Waterloo_ June 18, 1815_ The Battle for Modern Europe - Andrew Roberts [43]
I am ever
Your Dutiful Son
R. H. D.
APPENDIX II
Captain Fortune Brack’s Letter of 1835
This is taken from the letter written twenty years after the battle by Captain Fortune Brack of the 2nd Chevaux-légers Lancers of the Guard, who might well have been instrumental in catapulting Ney’s cavalry towards its disastrous series of attacks against the British squares. It was originally quoted in Digby Smith’s Charge!: Great Cavalry Charges of the Napoleonic Wars (Greenhill Books) in 2003. Considering what catastrophe sprang from Captain Brack’s actions, it is unlikely that he would have wished to invent his testimony. Certainly, one may search in vain for the name of Captain Brack in books on Waterloo. In my view Mr Smith has made a significant contribution to the sum of our knowledge of why, ultimately, Napoleon fell from power. Here is Brack’s explanation, which is worth reprinting at length not only for its intrinsic evidence, but also for the superb description of what it was like for a lancer to charge a square:
Impassioned by our recent success against Ponsonby, and by the forward movement that I had noticed being executed by the cuirassiers on our right, I exclaimed, ‘The English are lost! The position on which they have been thrown back makes it clear. They can only retreat by one narrow road confined between impassable woods. One broken stone on this road and their entire army will be ours! Either their general is the most ignorant of officers, or he has lost his head! The English will realise their situation — there — look — they have uncoupled their guns.’

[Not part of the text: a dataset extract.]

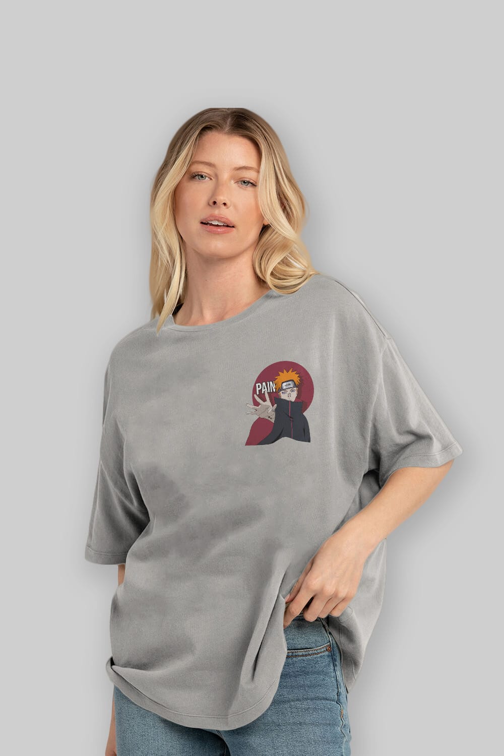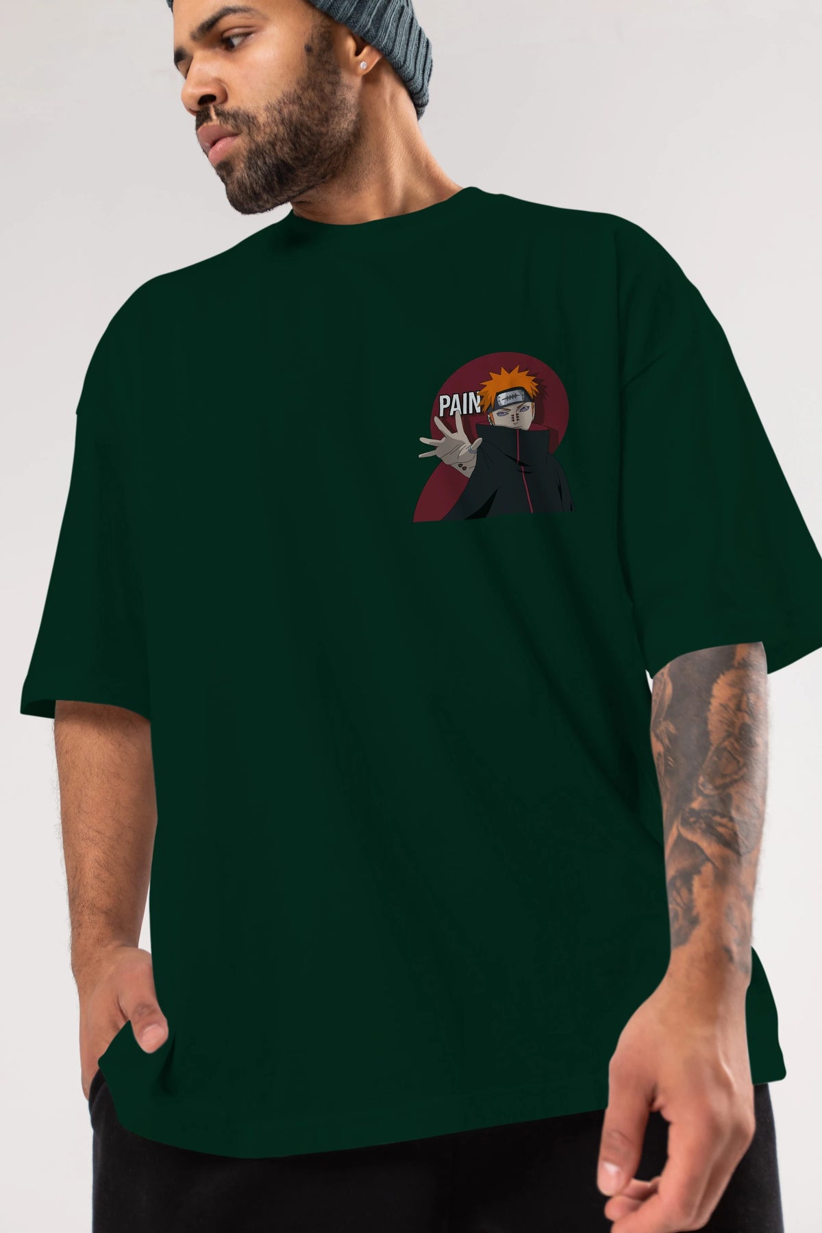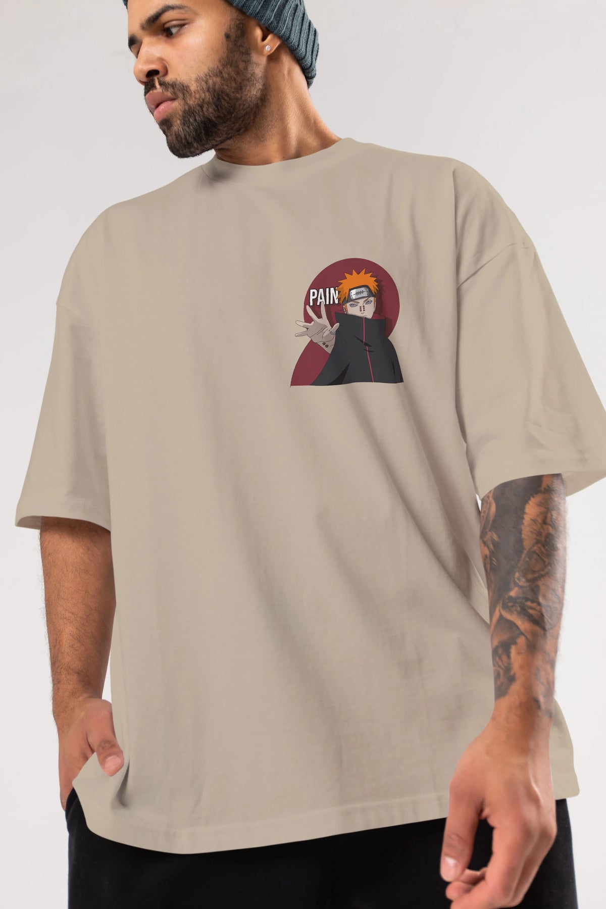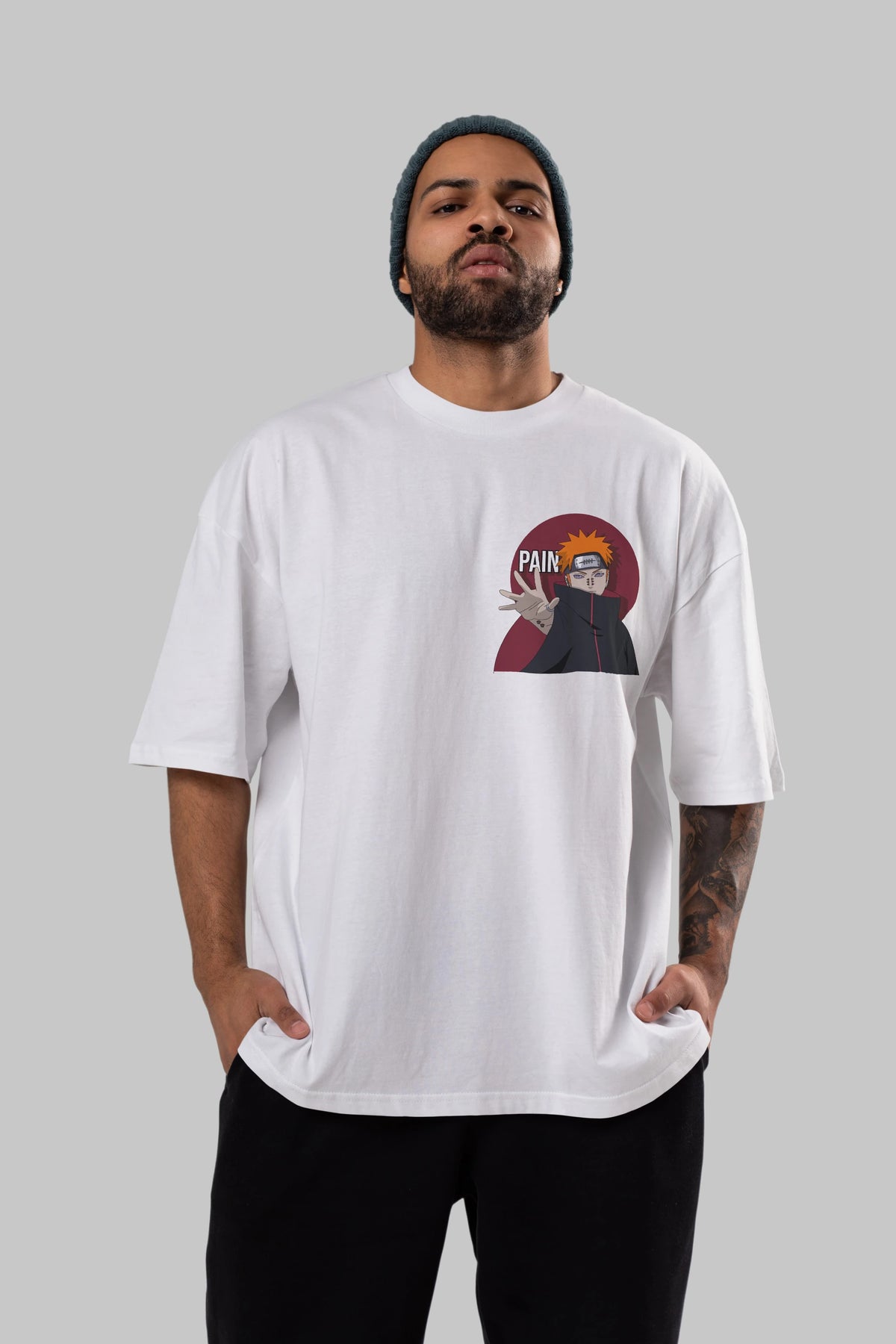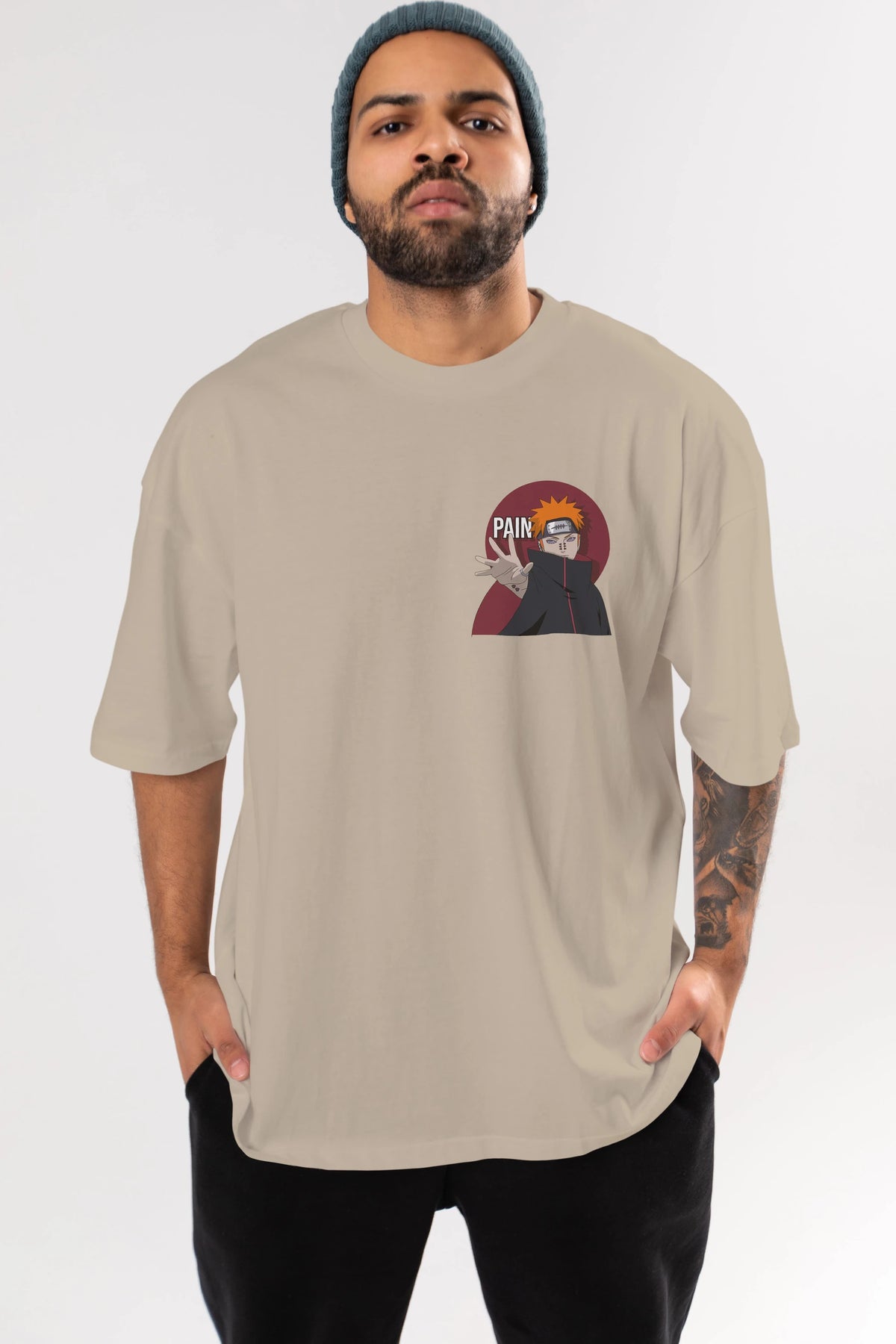 PAIN NARUTO Ön Sol Baskılı Oversize t-shirt Erkek Kadın Unisex %100 Pamuk Bisiklet Yaka tişort

I was ignorant of the fact that the English batteries usually fought uncoupled.
I spoke loudly, and my words were overheard. From the front of our regiment a few officers pushed forward to join our group. The right hand file of our regimental line followed them; the movement was copied in the squadrons to the left to restore the alignment, and then by the Chasseurs-à-Cheval of the Guard. This movement, of only a few paces at the right, became more marked [as it was copied] to the left. The brigade of the Dragoons and the Grenadiers-à-Cheval, who were awaiting the order to charge at any moment, believed this had been given.